**What this task involves:** All entries must come back exactly as given, with no pictures in the copy.

**Data:**
========================================

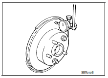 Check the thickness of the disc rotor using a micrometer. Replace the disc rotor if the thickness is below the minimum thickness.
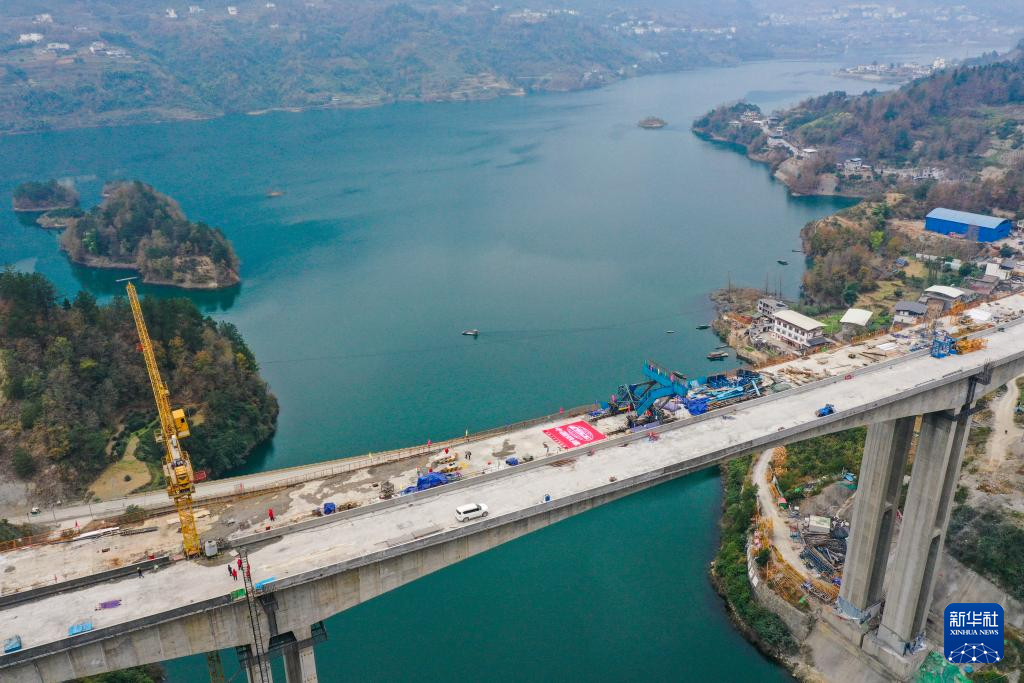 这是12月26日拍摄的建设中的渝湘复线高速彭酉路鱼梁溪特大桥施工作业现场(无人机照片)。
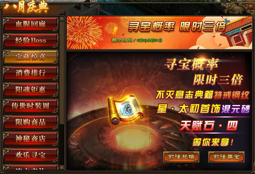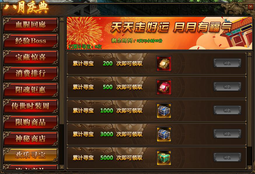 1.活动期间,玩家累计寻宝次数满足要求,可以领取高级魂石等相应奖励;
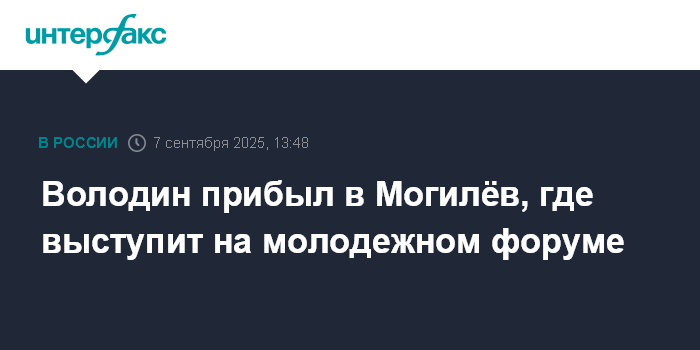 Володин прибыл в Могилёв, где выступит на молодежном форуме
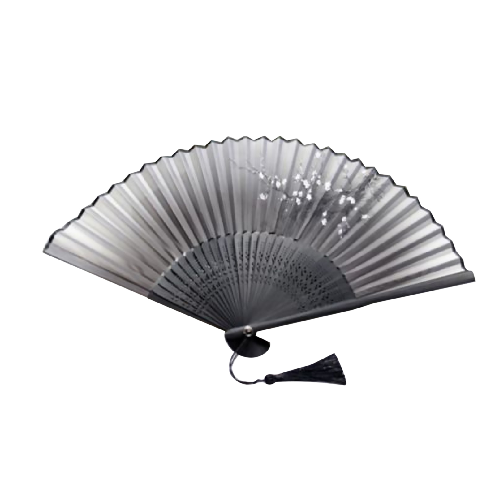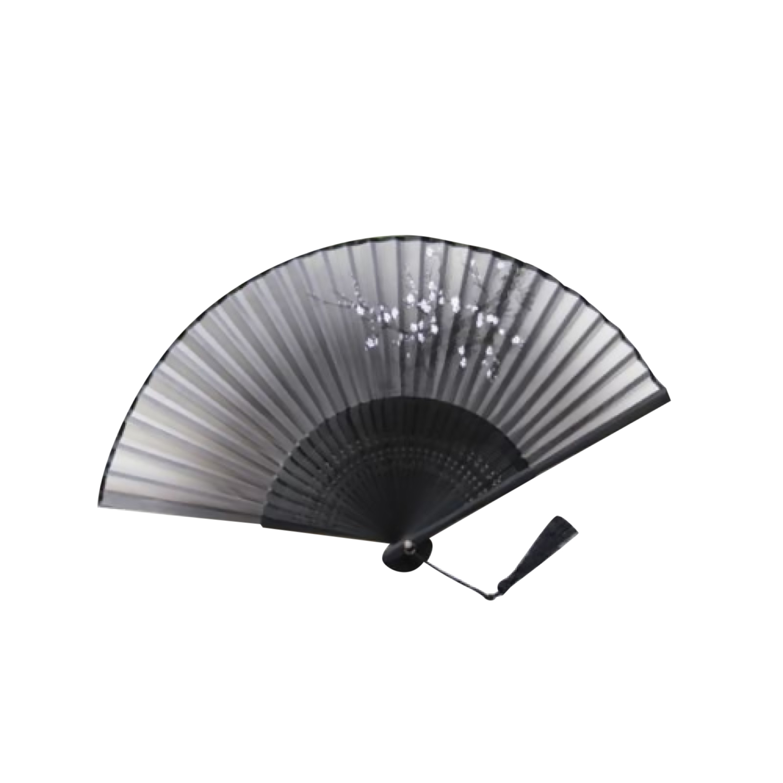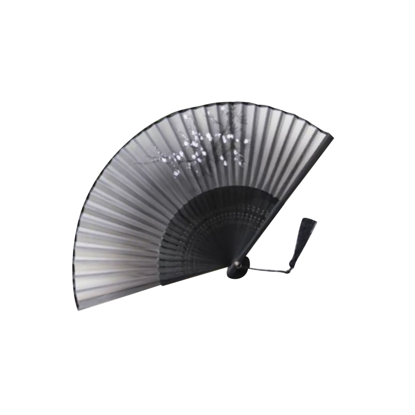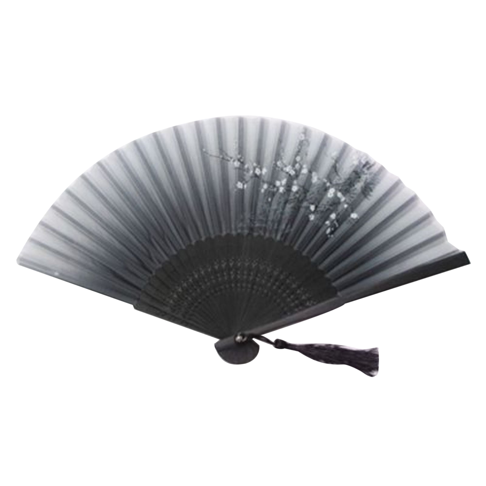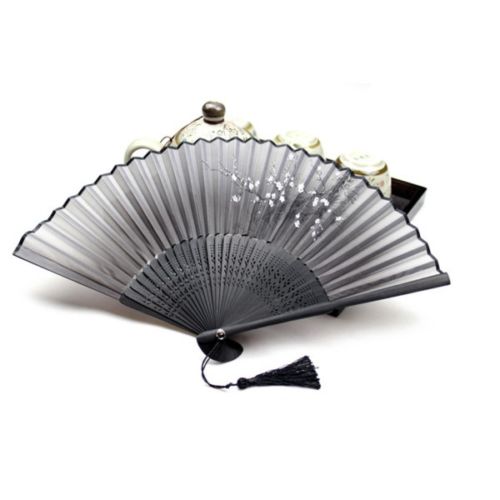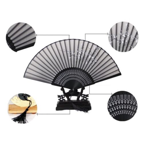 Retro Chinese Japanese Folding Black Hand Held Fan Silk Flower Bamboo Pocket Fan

========================================

**Solution for this exercise:**
 Check the thickness of the disc rotor using a micrometer. Replace the disc rotor if the thickness is below the minimum thickness.
 这是12月26日拍摄的建设中的渝湘复线高速彭酉路鱼梁溪特大桥施工作业现场(无人机照片)。
 1.活动期间,玩家累计寻宝次数满足要求,可以领取高级魂石等相应奖励;
 Володин прибыл в Могилёв, где выступит на молодежном форуме
 Retro Chinese Japanese Folding Black Hand Held Fan Silk Flower Bamboo Pocket Fan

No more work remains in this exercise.